■ WHAT YOU ARE ASKED TO DO: From the first line down to the line containing "Out, Out! BY", print the records below exactly, leaving every picture out.

Dataset items:
============================================================
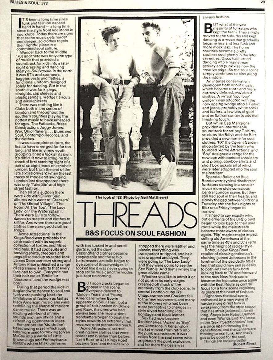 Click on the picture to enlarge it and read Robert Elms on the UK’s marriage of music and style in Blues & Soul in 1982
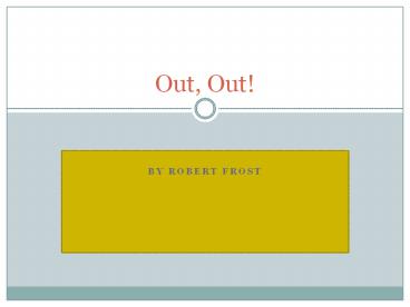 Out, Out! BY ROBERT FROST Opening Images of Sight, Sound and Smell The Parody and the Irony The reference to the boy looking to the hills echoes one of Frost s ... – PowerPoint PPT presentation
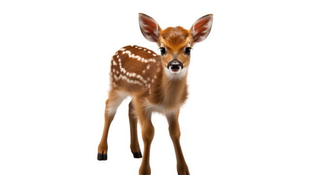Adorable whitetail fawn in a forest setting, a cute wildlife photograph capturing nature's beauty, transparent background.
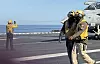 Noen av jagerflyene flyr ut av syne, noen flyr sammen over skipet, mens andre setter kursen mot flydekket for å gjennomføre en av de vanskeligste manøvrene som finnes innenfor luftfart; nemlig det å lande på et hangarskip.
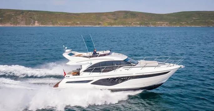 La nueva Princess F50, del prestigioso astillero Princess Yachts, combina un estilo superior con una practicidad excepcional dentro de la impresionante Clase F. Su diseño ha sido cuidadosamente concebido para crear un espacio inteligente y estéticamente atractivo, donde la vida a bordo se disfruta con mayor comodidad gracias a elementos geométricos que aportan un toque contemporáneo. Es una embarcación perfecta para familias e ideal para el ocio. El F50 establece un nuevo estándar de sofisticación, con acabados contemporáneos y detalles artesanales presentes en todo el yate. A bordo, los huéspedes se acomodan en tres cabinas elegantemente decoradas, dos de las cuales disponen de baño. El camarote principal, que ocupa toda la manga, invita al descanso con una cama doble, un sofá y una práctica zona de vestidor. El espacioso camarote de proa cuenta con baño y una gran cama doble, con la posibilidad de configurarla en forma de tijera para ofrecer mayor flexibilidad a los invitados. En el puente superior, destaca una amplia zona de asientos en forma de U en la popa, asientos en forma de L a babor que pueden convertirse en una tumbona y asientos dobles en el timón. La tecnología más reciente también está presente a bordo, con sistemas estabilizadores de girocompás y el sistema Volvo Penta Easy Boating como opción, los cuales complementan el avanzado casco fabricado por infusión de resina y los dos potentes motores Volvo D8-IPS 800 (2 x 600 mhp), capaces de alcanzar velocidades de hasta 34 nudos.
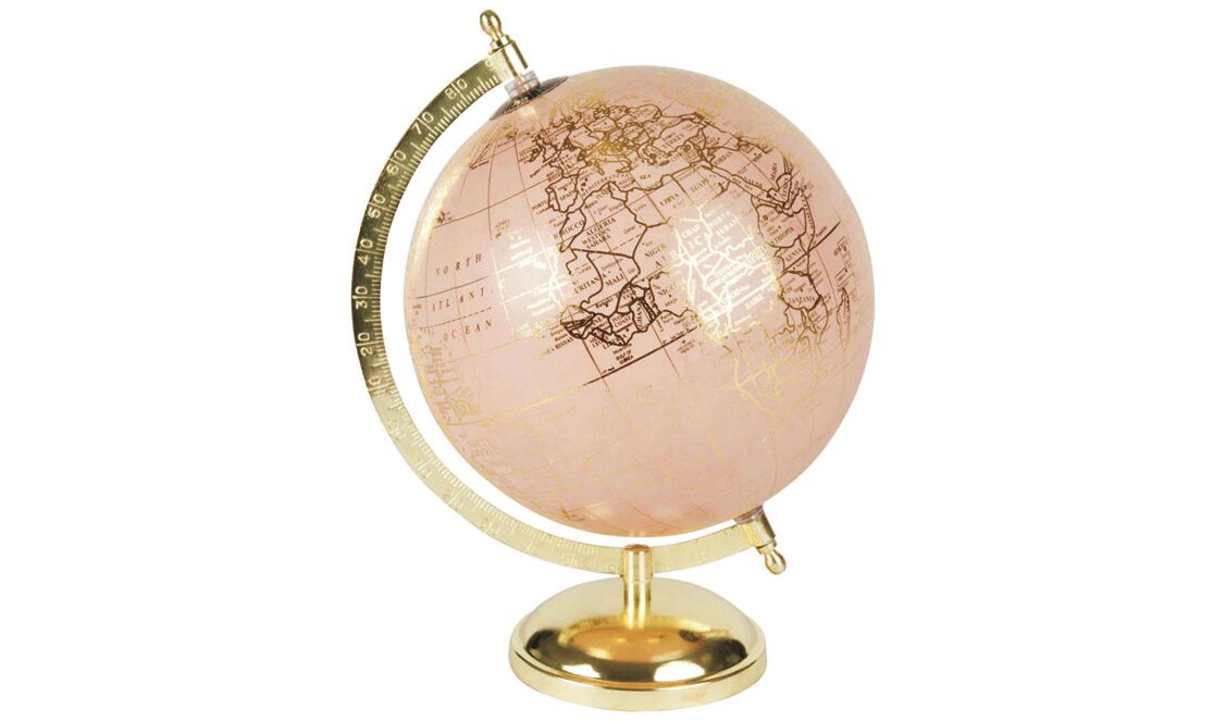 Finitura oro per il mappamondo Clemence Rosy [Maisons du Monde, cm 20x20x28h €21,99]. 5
============================================================
■ RESPONSE AREA:
 Click on the picture to enlarge it and read Robert Elms on the UK’s marriage of music and style in Blues & Soul in 1982
 Out, Out! BY ROBERT FROST Opening Images of Sight, Sound and Smell The Parody and the Irony The reference to the boy looking to the hills echoes one of Frost s ... – PowerPoint PPT presentation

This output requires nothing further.